About this exercise = Check each line of the material. Copy those containing "into".

╭─ Data for this task

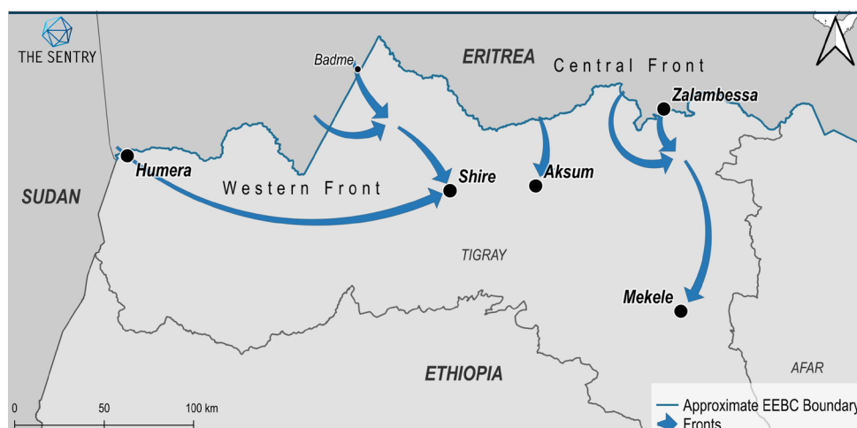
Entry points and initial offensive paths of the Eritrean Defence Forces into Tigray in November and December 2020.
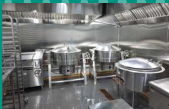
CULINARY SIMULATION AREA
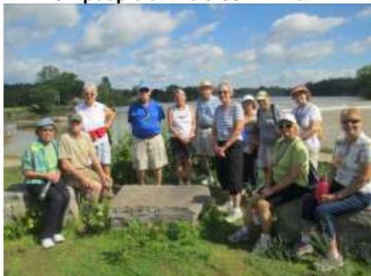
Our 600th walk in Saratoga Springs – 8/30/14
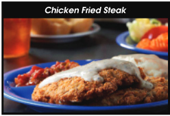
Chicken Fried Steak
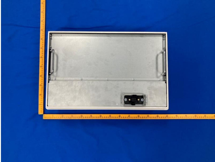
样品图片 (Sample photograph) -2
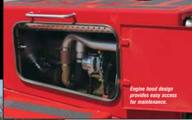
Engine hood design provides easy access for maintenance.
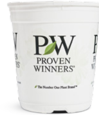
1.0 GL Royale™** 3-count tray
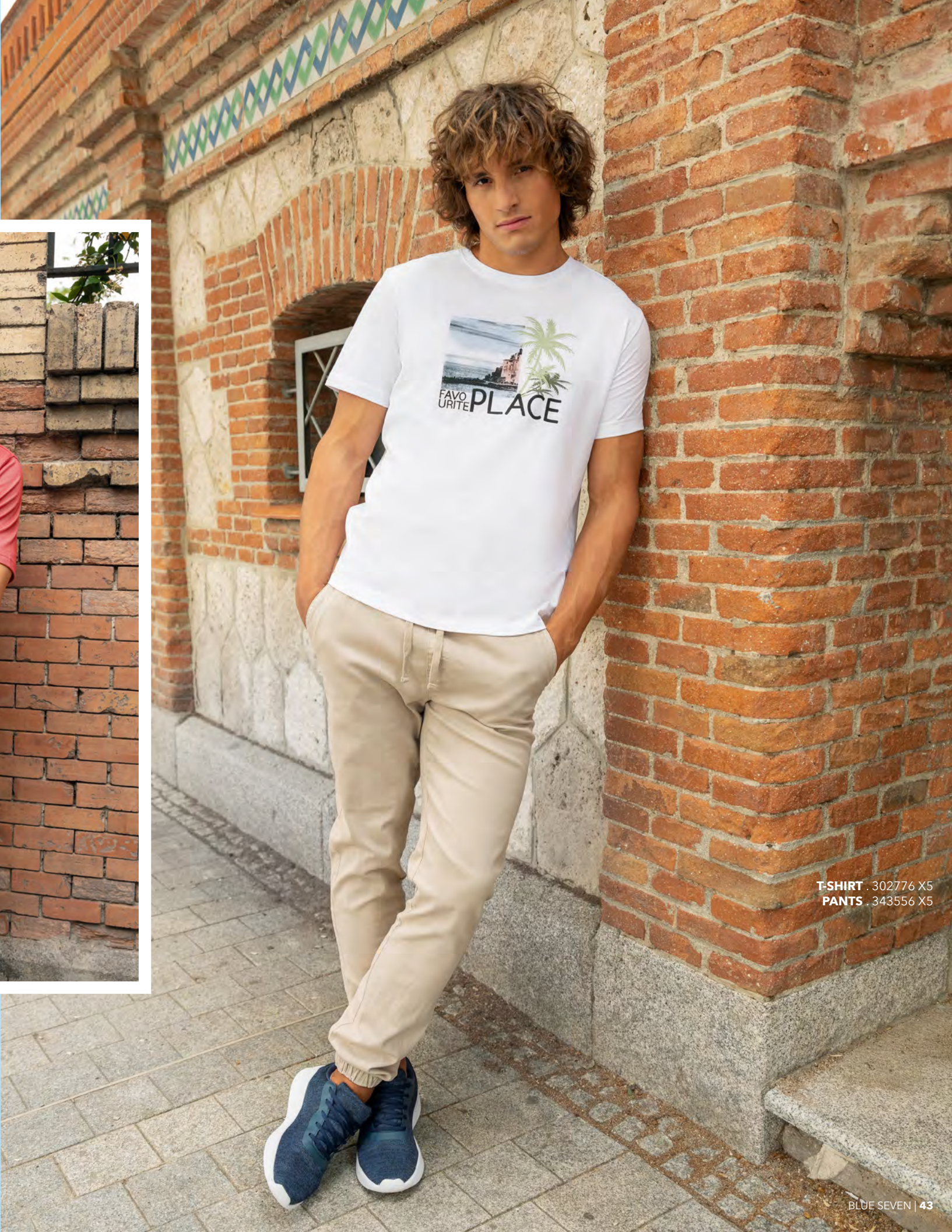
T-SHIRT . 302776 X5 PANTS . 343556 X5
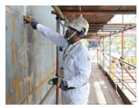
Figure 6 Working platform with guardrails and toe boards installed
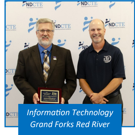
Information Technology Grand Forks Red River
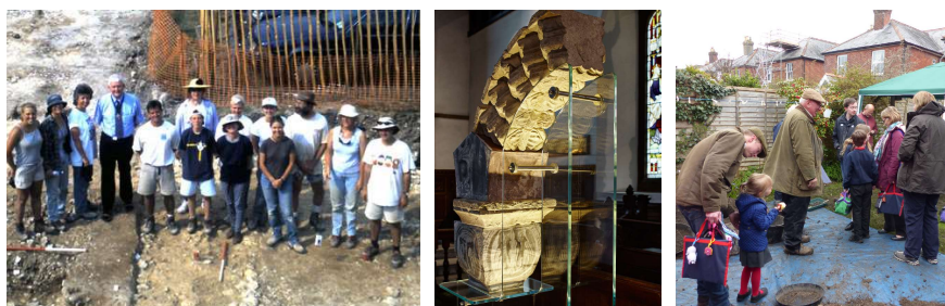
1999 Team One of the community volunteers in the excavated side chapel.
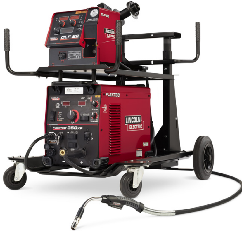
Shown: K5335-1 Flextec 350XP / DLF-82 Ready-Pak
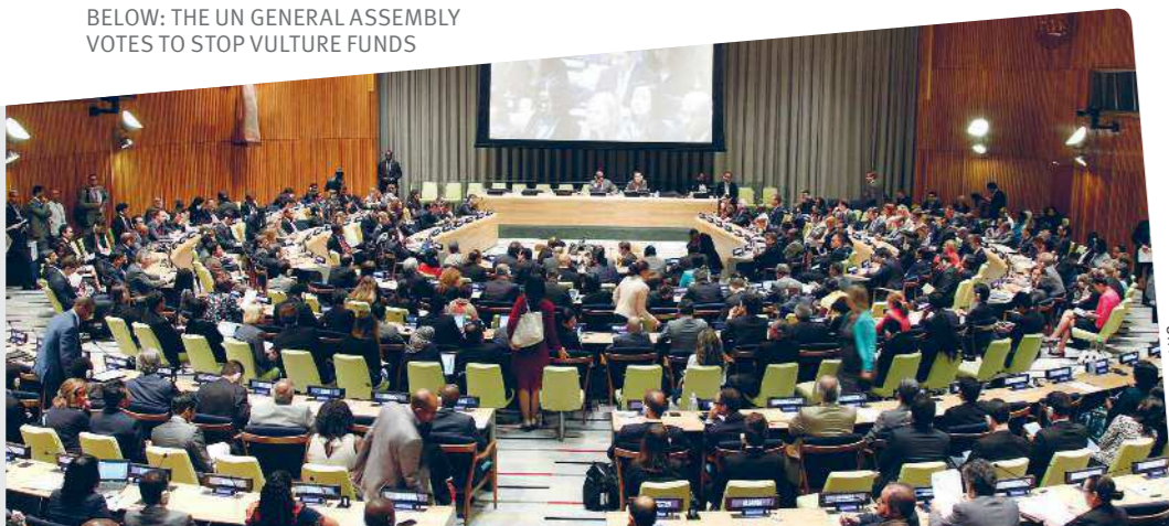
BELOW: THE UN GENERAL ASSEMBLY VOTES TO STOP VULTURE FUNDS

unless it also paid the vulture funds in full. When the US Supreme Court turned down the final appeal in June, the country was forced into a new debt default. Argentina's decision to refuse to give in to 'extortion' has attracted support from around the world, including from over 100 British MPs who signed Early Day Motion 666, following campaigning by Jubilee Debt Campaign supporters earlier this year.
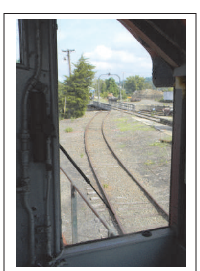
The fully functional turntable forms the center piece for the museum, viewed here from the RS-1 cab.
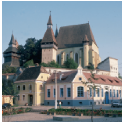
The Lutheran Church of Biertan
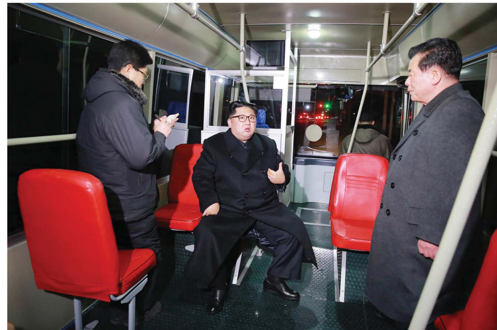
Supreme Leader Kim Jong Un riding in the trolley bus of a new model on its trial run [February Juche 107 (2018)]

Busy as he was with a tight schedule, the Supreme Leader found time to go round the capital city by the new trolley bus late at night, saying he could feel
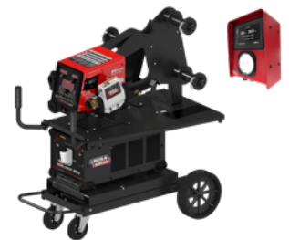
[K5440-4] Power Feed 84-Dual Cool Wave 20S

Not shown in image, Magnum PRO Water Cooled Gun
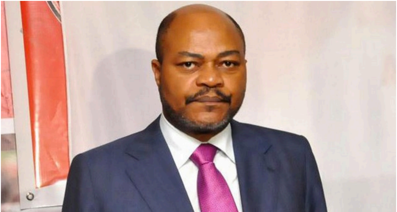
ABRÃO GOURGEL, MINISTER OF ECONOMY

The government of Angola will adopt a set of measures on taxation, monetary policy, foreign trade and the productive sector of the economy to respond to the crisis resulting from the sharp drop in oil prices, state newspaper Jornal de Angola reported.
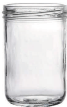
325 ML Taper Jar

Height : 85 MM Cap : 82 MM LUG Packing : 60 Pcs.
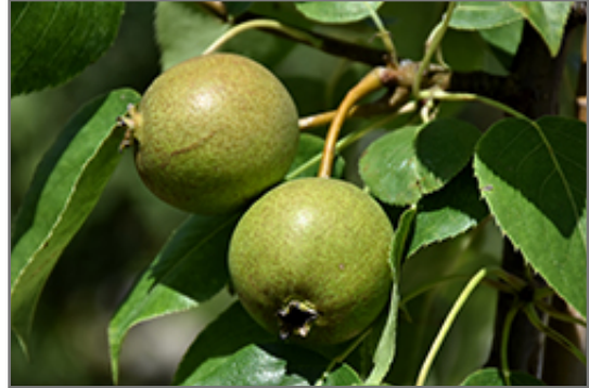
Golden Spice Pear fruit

╰─

Result =
Entry points and initial offensive paths of the Eritrean Defence Forces into Tigray in November and December 2020.
unless it also paid the vulture funds in full. When the US Supreme Court turned down the final appeal in June, the country was forced into a new debt default. Argentina's decision to refuse to give in to 'extortion' has attracted support from around the world, including from over 100 British MPs who signed Early Day Motion 666, following campaigning by Jubilee Debt Campaign supporters earlier this year.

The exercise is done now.